Rareș Takács

Personal information
- Full name: Rareș Takács
- Date of birth: 10 December 1991 (age 33)
- Place of birth: Turda, Romania
- Height: 1.77 m (5 ft 10 in)
- Position(s): Defender

Youth career
- 0000–2007: Arieșul Turda
- 2007–2010: Ardealul Cluj
- 2010: Universitatea Cluj

Senior career*
- Years: Team / Apps / (Gls)
- 2010–2015: Universitatea Cluj / 19 / (0)
- 2010–2011: → Arieșul Turda (loan) / 1 / (0)
- 2012: → CS Ștefănești (loan) / ? / (?)
- 2012: → FCM Reșița (loan) / ? / (?)
- 2015–2016: Olimpia Satu Mare / 22 / (3)
- 2017–2020: Universitatea Cluj / 58 / (14)
- 2020–2023: FK Csíkszereda / 52 / (1)

= Rareș Takács =

Romanian footballer

Rareș Takács (born 10 December 1991) is a Romanian professional football player who plays as a defender.

==Career==
Born in Turda, Romania, Takács started playing football in his hometown as a youngster for Arieșul Turda.
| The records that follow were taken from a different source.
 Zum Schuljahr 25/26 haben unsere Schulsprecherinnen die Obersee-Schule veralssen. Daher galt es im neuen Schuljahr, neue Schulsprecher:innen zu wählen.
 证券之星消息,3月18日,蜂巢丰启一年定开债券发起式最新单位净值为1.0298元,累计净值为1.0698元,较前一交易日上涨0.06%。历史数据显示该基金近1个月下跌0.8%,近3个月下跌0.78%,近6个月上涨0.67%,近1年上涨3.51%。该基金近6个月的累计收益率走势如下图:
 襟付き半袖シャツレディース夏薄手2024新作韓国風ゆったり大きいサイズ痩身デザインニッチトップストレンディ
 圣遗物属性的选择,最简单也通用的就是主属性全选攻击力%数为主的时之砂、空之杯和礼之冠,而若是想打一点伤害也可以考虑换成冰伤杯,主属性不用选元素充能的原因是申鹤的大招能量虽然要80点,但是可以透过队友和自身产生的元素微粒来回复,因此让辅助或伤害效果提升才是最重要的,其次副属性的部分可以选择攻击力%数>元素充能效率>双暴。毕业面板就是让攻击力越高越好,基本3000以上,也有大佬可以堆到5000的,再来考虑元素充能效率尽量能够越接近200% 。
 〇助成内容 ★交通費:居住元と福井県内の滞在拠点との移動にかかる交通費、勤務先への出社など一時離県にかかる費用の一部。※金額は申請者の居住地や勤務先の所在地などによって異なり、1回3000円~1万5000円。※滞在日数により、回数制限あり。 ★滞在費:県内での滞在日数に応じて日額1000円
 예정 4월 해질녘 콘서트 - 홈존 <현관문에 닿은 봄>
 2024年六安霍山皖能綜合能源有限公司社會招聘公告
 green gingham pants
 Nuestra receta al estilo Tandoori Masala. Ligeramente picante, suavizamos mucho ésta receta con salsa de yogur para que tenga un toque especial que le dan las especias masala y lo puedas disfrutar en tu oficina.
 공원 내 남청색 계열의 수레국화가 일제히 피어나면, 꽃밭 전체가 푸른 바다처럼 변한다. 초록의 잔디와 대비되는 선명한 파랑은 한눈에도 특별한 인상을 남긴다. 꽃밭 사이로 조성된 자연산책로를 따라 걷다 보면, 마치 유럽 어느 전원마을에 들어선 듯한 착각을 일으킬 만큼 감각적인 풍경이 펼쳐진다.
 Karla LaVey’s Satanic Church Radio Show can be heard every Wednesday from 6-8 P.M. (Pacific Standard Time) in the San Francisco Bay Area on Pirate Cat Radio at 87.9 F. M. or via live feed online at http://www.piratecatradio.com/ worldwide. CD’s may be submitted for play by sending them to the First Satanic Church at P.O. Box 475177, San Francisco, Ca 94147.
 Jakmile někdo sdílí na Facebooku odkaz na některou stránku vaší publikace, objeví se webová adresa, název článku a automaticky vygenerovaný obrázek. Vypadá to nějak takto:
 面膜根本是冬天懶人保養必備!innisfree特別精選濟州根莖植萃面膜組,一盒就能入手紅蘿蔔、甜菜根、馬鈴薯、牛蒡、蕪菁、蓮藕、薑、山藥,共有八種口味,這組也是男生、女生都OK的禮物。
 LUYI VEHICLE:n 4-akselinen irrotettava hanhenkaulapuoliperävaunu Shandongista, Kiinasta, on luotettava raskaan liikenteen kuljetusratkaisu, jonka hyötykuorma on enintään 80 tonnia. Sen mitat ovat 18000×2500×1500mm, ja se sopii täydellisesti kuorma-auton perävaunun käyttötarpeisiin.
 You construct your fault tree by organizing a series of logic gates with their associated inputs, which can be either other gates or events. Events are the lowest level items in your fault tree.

Later he moved to Cluj-Napoca at Ardealul Cluj and in 2010 he joined Universitatea Cluj together with other teammates. In 2012, he was loaned to the lower division teams CS Ștefănești and FCM Reșița but at the end of the year, he returned to Universitatea Cluj.

Takács made his debut in Liga I in May 2013, in a match that was lost by Universitatea Cluj in front of CFR Cluj.